I asked Bill Eddy if the city could assemble a list of “certified arborists” so that I could hire one and prune the tree legally.  I offered this to help with the tremendous backlog of arbor work that had resulted from the asian long-horned beetle disaster.

The official work order was entered May 24, 2010.  What you see below is real.  I edited it only to remove my address, phone number, and email address.  Look at how it ends, where it says “CLOSED”:

tree_work_order

The only reasonable interpretation of this otherwise senseless remark, “no city tree at this location,” was that Councilor Eddy had done some back room dealings and given me a free hand to prune the tree myself.  The city had disowned it.  Perfect!  I started getting quotes from arborists to prune it.  This was September 8, 2010.

The night of September 21 I drove home thinking about which arborist to hire.  I pulled onto my street and lo! the tree was gone.  Nothing remained but the stump and the upheaved sidewalk.
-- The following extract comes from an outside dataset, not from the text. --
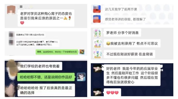 像这样温暖的瞬间还有很多很多,除了分享生活中的喜悦,学习上的困惑,很多学员也会向我们的老师反馈自己的成果:作品受到了喜爱、收到了大厂offer、还有赚到了人生的第一桶金......

I called Billy Eddy to ask whether it would have been better just to prune the dead.  I also asked about the stump and the sidewalk.  I couldn’t get through to him, so I asked these questions in a voicemail.  I would not hear from him again for two years.

On November 27, 2011, one year after the removal, the stump was ground down to a dusty pile.  Now all that remained was the badly damaged sidewalk.

I waited.  And waited.  I called the city and asked what would be done about the sidewalk.  Twice I was told someone would be out to repair it.  The third time I was told, “Oh, that requires a petition!”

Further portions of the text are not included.